Yes, it is well-known that for special fonts, degraded text material,
and handprint, such bundled software is not a good fit.

If you have anything more than 100 pages a day to scan, and you want
to do special things with those that enhance your productivity, you
need applications that go beyond what such "bundled" apps can provide,
and that is not their focus too... the way it works for scanner
manufacturers - they want to give as many people as possible a reason
to buy their product. So they strike special deals with companies like
ABBYY to "bundle" scaled-down/crippled versions of software to give
away with their scanners. For the software manufacturer, this is brand
awareness and the fact that you have tried out their technology and
(hopefully) been impressed.

Beyond a certain point, even the fujitsu scansnap begins to hamper
productivity... can you believe that there are document scanners that
cost hundreds of thousands of dollars and even millions of dollars?
Right, there's a range for every (mostly) imaginable need.

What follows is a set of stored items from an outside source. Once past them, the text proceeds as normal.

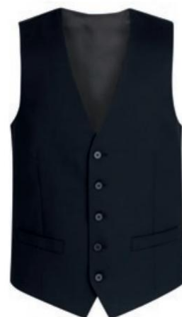
PANTALON HOLBECK SLIM FIT
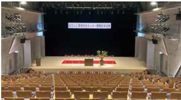
文化・芸術ホール

生まれ変わる西神中央の中でも、「クレヴィアシティ西神中央」と、2022年10月1日(土)に開館した、「神戸市立西図書館(移転)」と「西神中央ホール」の複合施設「なでしこ芸術文化センター」の一体整備は大きな話題の一つ。図書館は、1階に児童書、2階3階に一般書が配置され、「おはなしの部屋」、「対面朗読室」、「セミナー室」など様々な目的・多世代の利用者が快適に過ごすことのできる、開かれたギャラリースペースです。500席規模のホールでは、プロによる公演はもちろん、市民サポーターの養成、近隣アーティストの起用や育成、鑑賞後の交流会も実施されるなど、ジャンル・地域・世代を超えて文化芸術の素晴らしさを伝える施設です。また、「西神中央」駅直結の歩行者デッキや、本件と「なでしこ芸術文化センター」をつなぐ開放的な「交流広場」や「憩いのプロムナード」などが新街区生活を心地良く、美しく演出します。
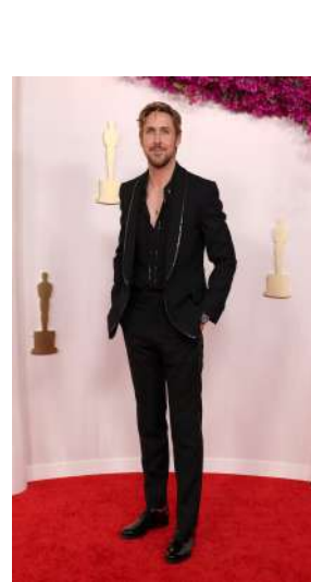
Ryan Gosling en Gucci

L'actrice de Dune 2 et du Jeu de la Dame était parée d'une sublime robe Dior tapissée de plumes argentées. Dotée d'une coupe bustier composée de pétales de tulle de soie brodé ivoire et gris, la robe a été réalisée spécifiquement pour l'apparition de l'actrice, fan des robes scintillantes. Ce qui lui vaut sa 4ème place.
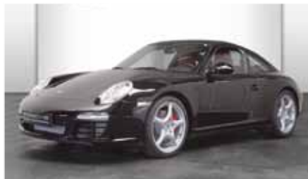
8 Porsche 911 Carrera 4S Schwarz EZ 10/2009 | 17.443 km | EUR 89.440

ABBYY, for example, makes their "engine" available to developers, and
they also have higher-end retail products labelled like "professional/
enterprise".

Many other manufacturers do similar things, depending on which model
of scanner you buy.

That is how ABBYY and other OCR/ICR manufacturers earn money... :-)

Best Regards,
Milind Joshi
IDEA TECHNOSOFT INC.
http://www.ideatechnosoft.com/ocr_icr.html

Jonathan Berry

2007-12-12 06:56:14 UTC

Permalink

Post by Milind Joshi
Yes, it is well-known that for special fonts, degraded text material,
and handprint, such bundled software is not a good fit.

You are right!
Easy for humans to read is not necessarily the ticket for machine-
based
recognition.

Post by Milind Joshi
If you have anything more than 100 pages a day to scan,

I have let's say 2 or 3 thousand pages to scan, eventually, but the
number of pages is not increasing.

Post by Milind Joshi
and you want
to do special things with those that enhance your productivity, you
need applications that go beyond what such "bundled" apps can provide,
and that is not their focus too... the way it works for scanner
manufacturers - they want to give as many people as possible a reason
to buy their product. So they strike special deals with companies like
ABBYY to "bundle" scaled-down/crippled versions of software to give
away with their scanners. For the software manufacturer, this is brand
awareness and the fact that you have tried out their technology and
(hopefully) been impressed.

Yes.

If that had been my experience, I would not have bothered to post it.
The ABBYY products performed less well than I would have hoped. After
a bad experience more than a decade ago with the other major OCR
purveyor, today I'm inclined to scan documents into Adobe, make them
text searchable, and leave it at that. If somebody comes up with
better OCR in a decade, I (or my successor) can scan from the PDFs.

Post by Milind Joshi
Beyond a certain point, even the fujitsu scansnap begins to hamper
productivity... can you believe that there are document scanners that
cost hundreds of thousands of dollars and even millions of dollars?

Yes.

Post by Milind Joshi
Right, there's a range for every (mostly) imaginable need.
ABBYY, for example, makes their "engine" available to developers, and
they also have higher-end retail products labelled like "professional/
enterprise".

Having looked at their lowest offering, I am not tempted to get
on the ladder.

Post by Milind Joshi
Many other manufacturers do similar things, depending on which model
of scanner you buy.
That is how ABBYY and other OCR/ICR manufacturers earn money... :-)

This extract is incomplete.